Calcutta-Crossing the border into “Bangladesh”-“Bengal Nation,” as most East Pakistanis now call their region-you feel you’re seeing something filmed a long time ago by some newsreel pioneer. The ancient Enfield and Garand rifles in the hands of the overnight revolutionaries, the refugee-laden carts, the bodies lying unnoticed by the roadside -all this could be out of the Spanish Civil War or the Chinese revolution.
A “Liberation Army” lorry with a dozen “freedom fighters” and two or three rifles among them takes you along the road to the Bengalis proudest possession in this part of the region-the city of Jessore, 30 miles from the Indian border, wrested from the Pakistani army in bloody fighting. Before entering Jessore you pass several razed villages. Bodies lie in the charred ruins. The ruins in the heart of Jessore suggest that the West Pakistani air force has not been too careful.
Only a few months ago, people in East Pakistan would complain to visiting journalists of the “dirty and arrogant Hindus.” Now they say, “Hindu, Moslem, that does not count any more. We arc all Bengalis.” The enemy now is “Punjabi”, the most commonly used name for the West Pakistanis.
The villages are plastered with slogans, the quotations from Rabindranath Tagore, the great poet of pre-partition India, sorting oddly with the exhortations of Mao Tse-tung: “Long live the people s war!” “Political power grows out of the barrel of a gun.” The Maoists are one of the three organized groups in East Pakistan.
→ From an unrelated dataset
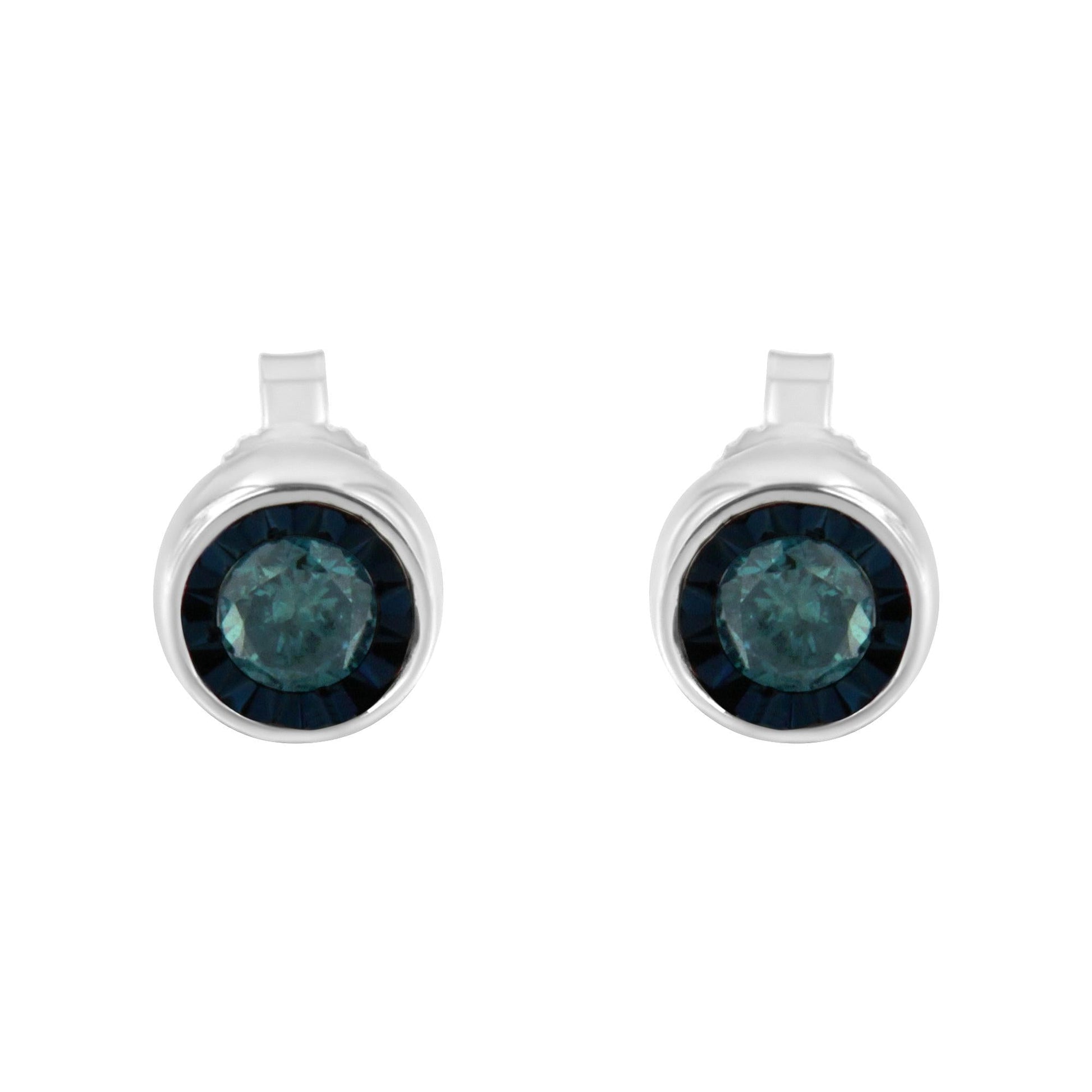 .925 Sterling Silver 0.40 Cttw Round Brilliant-Cut Blue Diamond Miracle-Set Stud Earrings (Fancy Color-Enhanced, I2-I3 Clarity)

They are still only a tiny minority compared to the two dominant groups-the Awami League party of Sheikh Mujib and the Bengali units of the army, totaling about 25,000 menbut their strength is growing. Sheikh Mujib, who is enormously popular (and known for his opposition to violence) is either dead or in jail.
How it Began
No one we talked to seemed to have expected the situation to come to this anachronistic killing of poor people by other poor people united for 20 years by religion and a common national ideal. In Chuadanga, a town 20 miles from the border serving as the “provisional capital of Bangladesh,” Maj. M. A. Osman. military commander of the Southwestern Sector, told us how it had begun for him.
On the night of March 24, when the “Punjabi” army cracked down. Major Osman had a discussion with his Punjabi commanding officer, Major Attaquc Shah. “He was extremely polite, and let me keep my jeep, my gun and my driver.” Next day Sheikh Mujib appealed to the Bengalis to rise up against the “occupiers,” and Attaque Shah had to be arrested and, later on, liquidated.”
What will this tragic new enmity-the product of short-sighted refusal of autonomy that can only profit the extremists in both halves of Pakistan-lead to? For a certain Dr. Haque, Major Osman’s political deputy, a bearded man in a green sombrero who fondles his two 45 caliber guns as he talks and is almost the perfect caricature of a revolutionary leader, the answer is “very simple.”
“There are 72 million inhabitants or more in Bangladesh,” he says, “In this human ocean there are still Pakistani pockets. In order to win, since there are less than 100,000 Pakistan soldiers in Bangladesh, each Punjabi would have to kill about 1,000 Bengalis. This is obviously impossible, and therefore our victory is certain.”